First off, you would probably find Diana Walstad's book, Ecology of the Planted Aquarium very benificial since you are wanting to use a soil substrate with minimal water changes and little/no fertilization. It really is a great book and worth purchasing. The only thing that I might change were I attempting this setup would be to ditch the sump, use an inch of soil and a couple inches of 1-3 mm gravel. You will have to experiment and monitor the tank to determine if you need to add fertilizer or if fish food/waste is enough. You can plant immediately after adding water, but I like to wait a few days to a week before adding fish. Cycling is not usually an issue in heavily planted aquariums. In my low light, no fert tanks most crypts do very well, as do anubias, java fern, java moss, african bolbitis, and sword plants. I also like lobelia and water sprite and hygro and they are flourishing in my tank. For fish, most any tetras are nice IMHO as well as barbs or rasboras. It really depends on what you like I guess. I wouldnt think you would need fertilizer tabs in a soil based substrate. As to how to avoid algae....the best advice I can give you is to plant heavily and throw in a good bit of hornwort to act as a nutrient soak. Its a floater that will also help to shade your low light plants. I hope this helps. Maybe someone else with a bit more knowledge on soil based substrates will chime in.


----------



## semaj (Oct 4, 2004)

Thanks Kevin! I really appreciate your input and will follow your advice. One quick follow-up question for you or anyone else: 
Regarding the substrate, I plan to just use plain old natural aquarium gravel and for the soil/peat mixture I plan to purchase from a garden shop - nothing special. Is this okay, or do I need some special kind of gravel or soil? I have looked over the Substrate forum, but much of it is beyond my understanding/needs at this point, so any help would be appreciated.
Again . . . Thanks.


----------



## Rex Grigg (Jan 22, 2004)

Get the book, read the book. Or head over to www.aquabotanic.com and hit their forums. Diana Walstad is a moderator over there.
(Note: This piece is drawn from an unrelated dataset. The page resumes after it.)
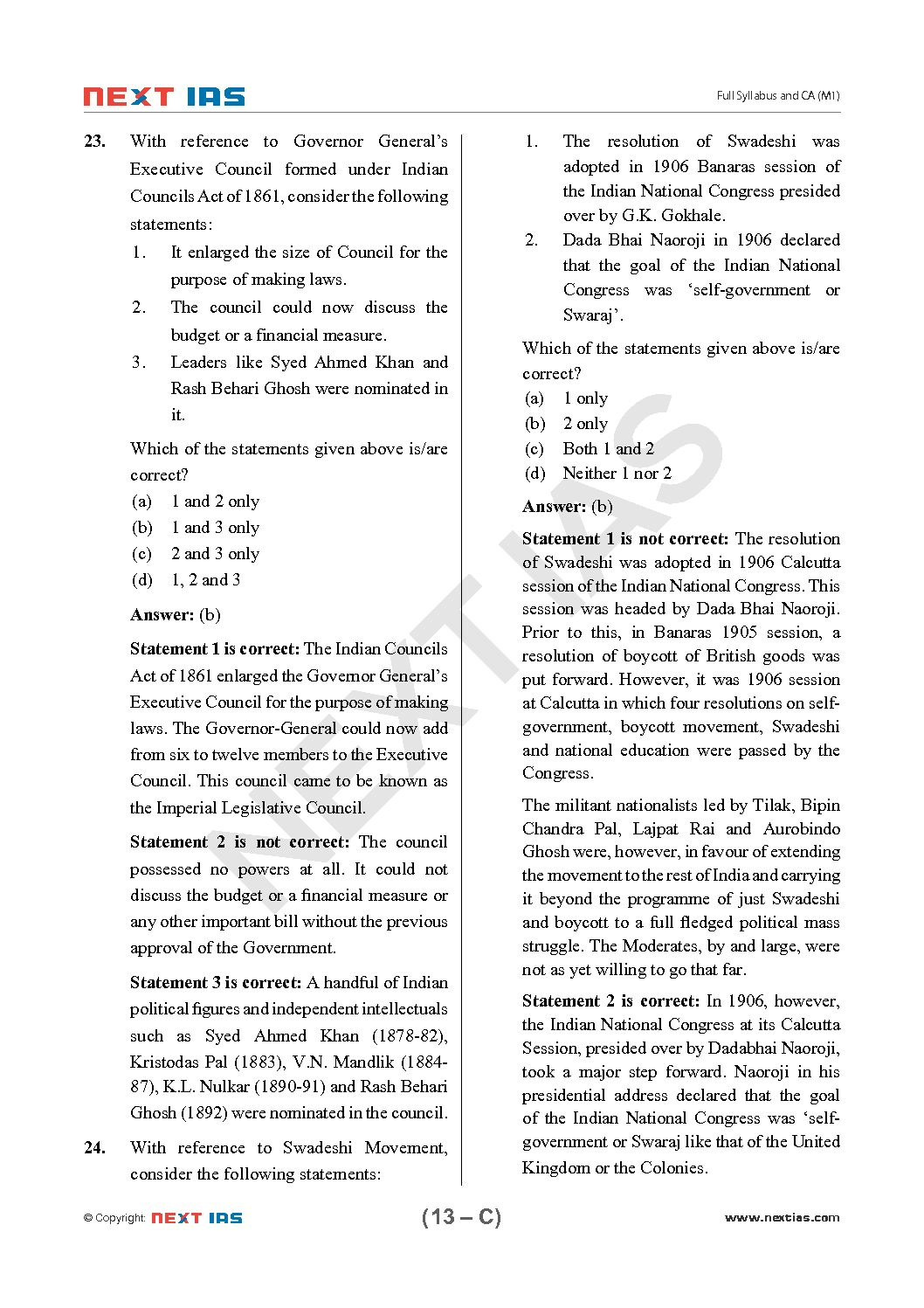 NEXT IAS CSE(P) TEST SERIES-2020 TEST- 24 (MODULE-1)

And I see one big problem with your setup. You are talking about a soil/peat substrate and a DIY gravel filter. Well if you mean a filter under the gravel you are doomed to total and complete failure. With any kind of undergravel filter the soil/peat is going to end up in the water column.

Also with any kind of planted tank you can just plant right from the start. Read my FAQ for a good guide on how to cycle a planted tank.


----------



## mm12463 (Mar 5, 2004)

Since you're doing a lower light tank without CO2 check out this talk by Tom Barr. I was looking to do a simple tank and I based mine on his talk. It covers substrate, plants and what not. The talk was about growing plants without C02. I found it helpful and the first time I have tried using peat under my gravel. And the book everyone mentioned is exceptional. Great info for sure.

The transcript is a little hard to read. Tom is under the user name Plantbrain. But worth reading.

http://www.badmanstropicalfish.com/stories/chat/chat_2-27-04.html


----------



## semaj (Oct 4, 2004)

Thank you, thank you -- Rex, Mike!
I will get the book . . . and I'll read it too.
No worries about the DIY gravel filter - not an undergravel, completely separate and in the sump, but I no longer plan to use it anyway. Although I've been to the aquabotanic website, I haven't checked out the forums there yet - thanks for the advice.
I just skimmed the Tom Barr chat - it looks interesting. I will read tonight.
Thanks again for all of your input . . . just think how lost I'd be without all of you . . .


----------